Each defogging plate group includes several defogging plates arranged at intervals in the vertical direction, and each defogging plate includes a first vertical plate, an inclined plate and a second vertical plate sequentially connected together in the vertical direction, In the direction of the first axis, the first vertical plate is located on the side of the inclined plate facing the intake end, and the second vertical plate is located on the side of the inclined plate facing the exhaust end; the inclined plate is inclined downward along the direction from the intake end to the exhaust end Extending, the upper end of the inclined plate is connected to the lower end of the first vertical plate, and the lower end of the inclined plate is connected to the upper end of the second vertical plate; viewed along the direction of the first axis, two adjacent defogging plates partially overlap;

The concave-convex plate includes first webs and second webs arranged at intervals along the second axis direction and staggered along the first axis direction, the first webs and the second webs are perpendicular to the first axis direction and along the Extending in the vertical direction, the adjacent first web and the second web are connected through an arm plate, and the arm plate is inclined relative to the first axis direction and extends along the vertical direction; the inclination of two adjacent arm plates The direction is opposite, each arm plate is provided with an air hole, and the central axis of the air hole is perpendicular to the extending direction of the arm plate; the first axis direction and the second axis direction both extend along the horizontal direction and are perpendicular to each other. In the present application, the cross section of the housing perpendicular to the direction of the first axis is preferably rectangular.

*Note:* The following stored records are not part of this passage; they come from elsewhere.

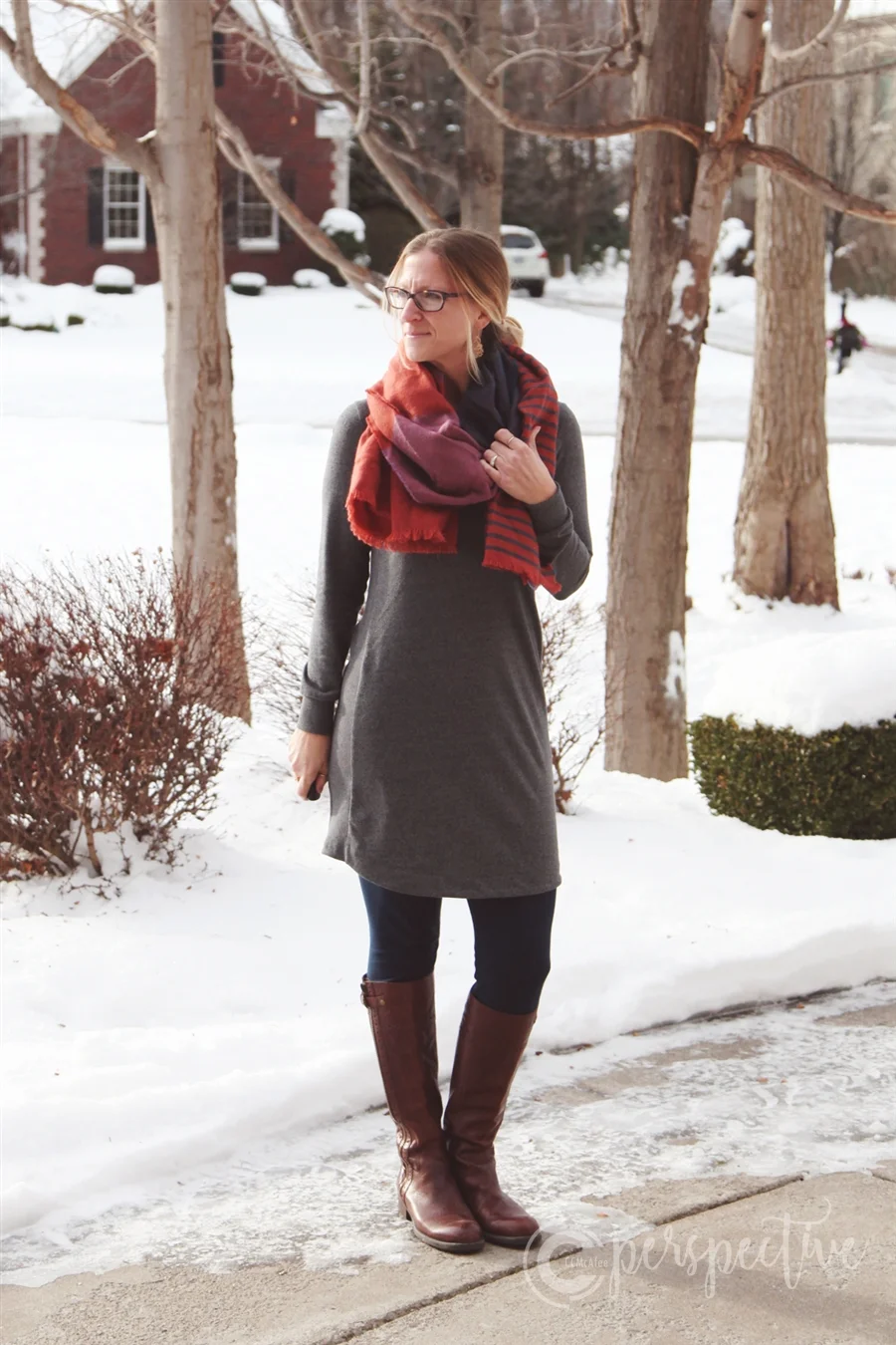 I wore it with this gray sweatshirt dress, some teal leggings and my riding boots.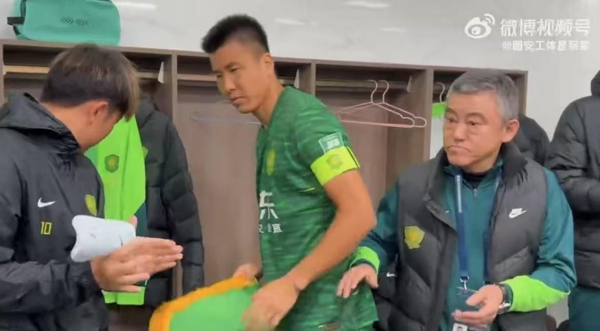 新赛季中超首轮,北京国安客场2-0战胜云南玉昆。赛后有博主在社媒发布了本场赛前国安队更衣室加油喊话视频。视频中,王刚球衣上的赞助商臂章疑似出现了上下颠倒的情况。
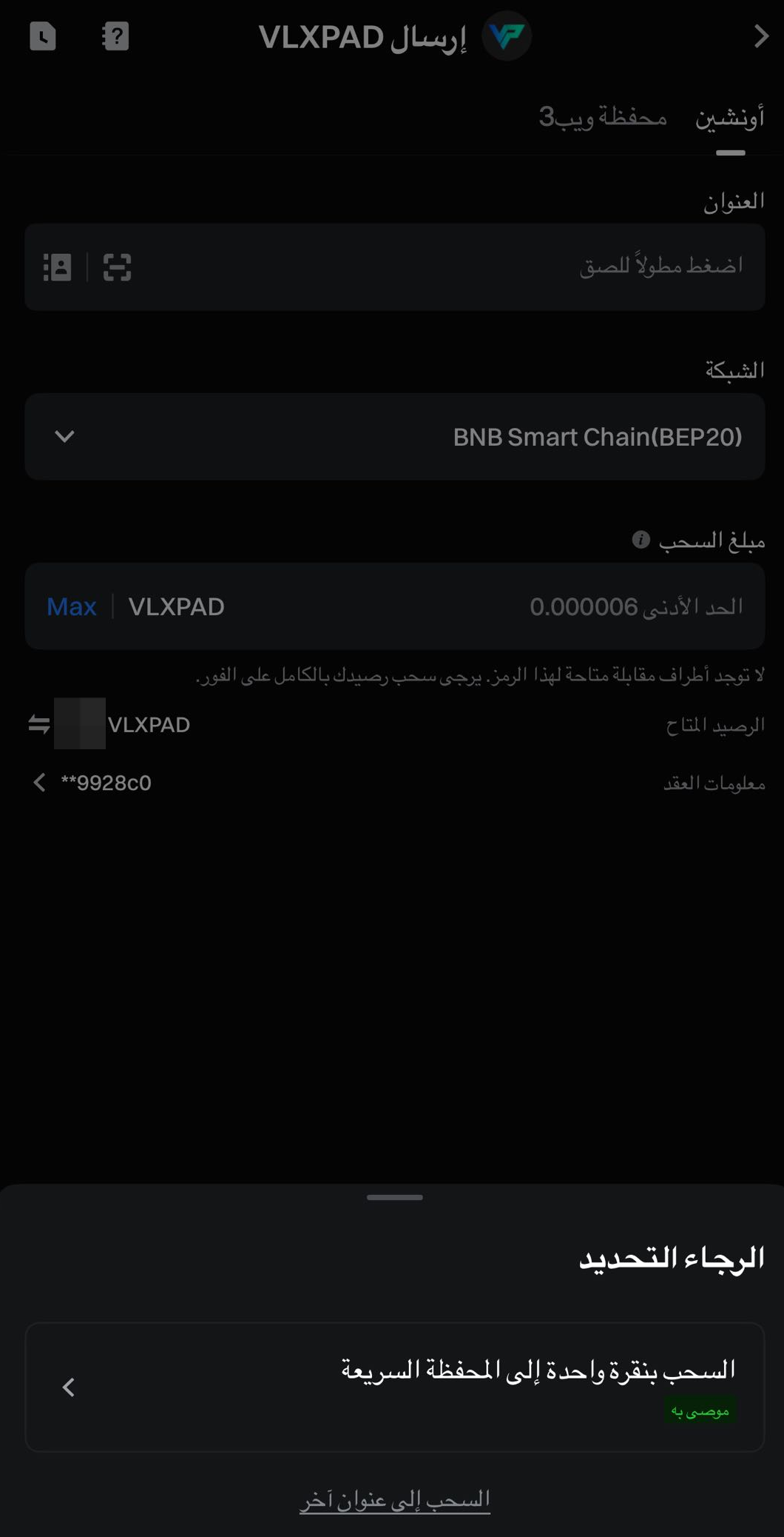 سحب BSCPAD: https://www.gate.com/ar/myaccount/funds/withdraw/BSCPAD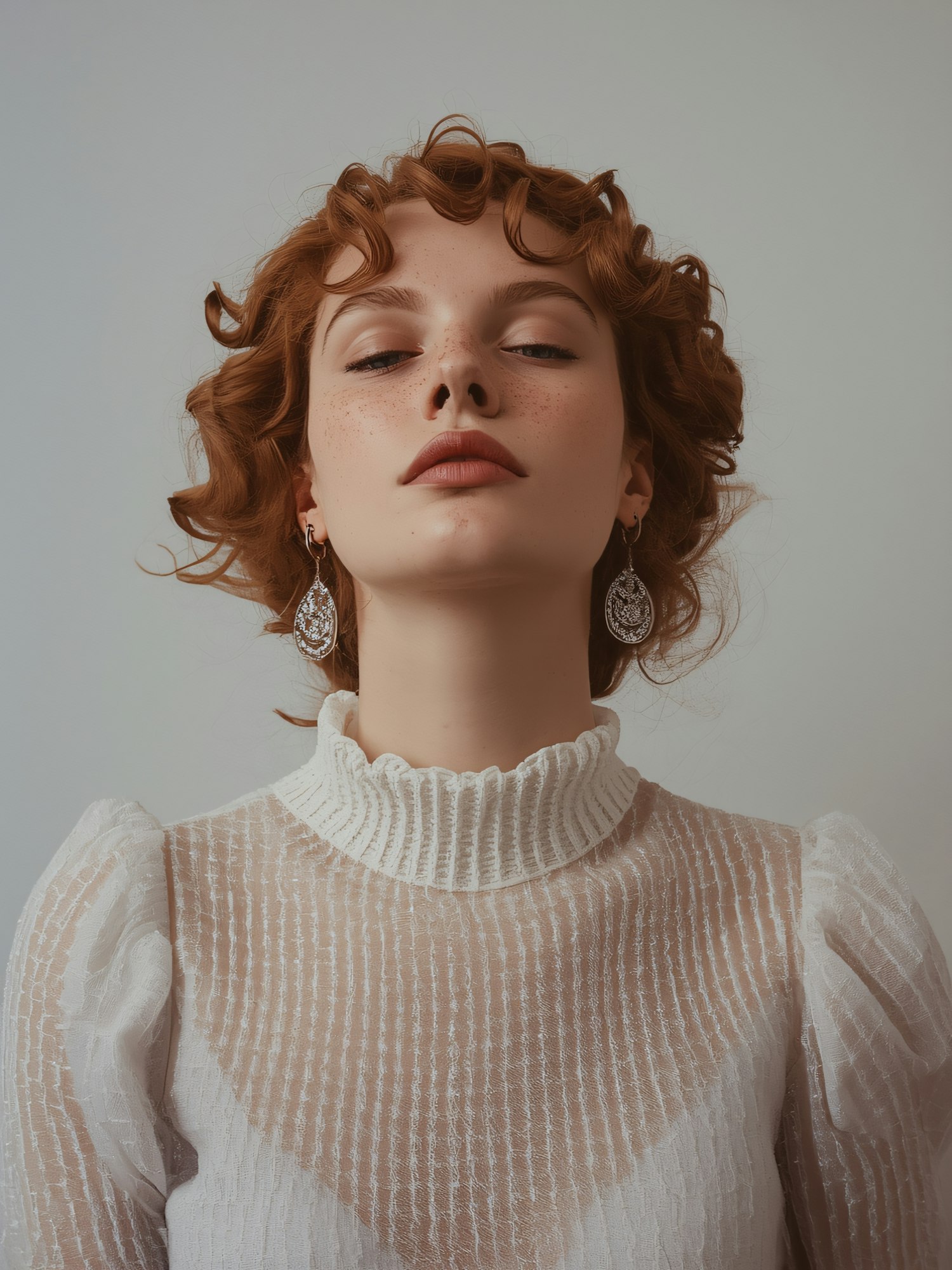 Close-up portrait of a red-haired woman in a white textured blouse and silver earrings, exuding elegance against a neutral background.

When the application is working, the gas containing mist enters the shell through the air inlet and flows upwards. When the gas passes through the defogging plate group, the concave-convex plate and the defogging plate group in sequence, the mist in the gas is absorbed On the surface of the defogging plate and the concave-convex plate, and gradually converge into droplets, when the weight of the droplets exceeds the buoyancy of the gas and the resultant force of surface tension, the droplets drop from the defogging plate and the concave-convex plate to the bottom of the housing, and discharged through the drain.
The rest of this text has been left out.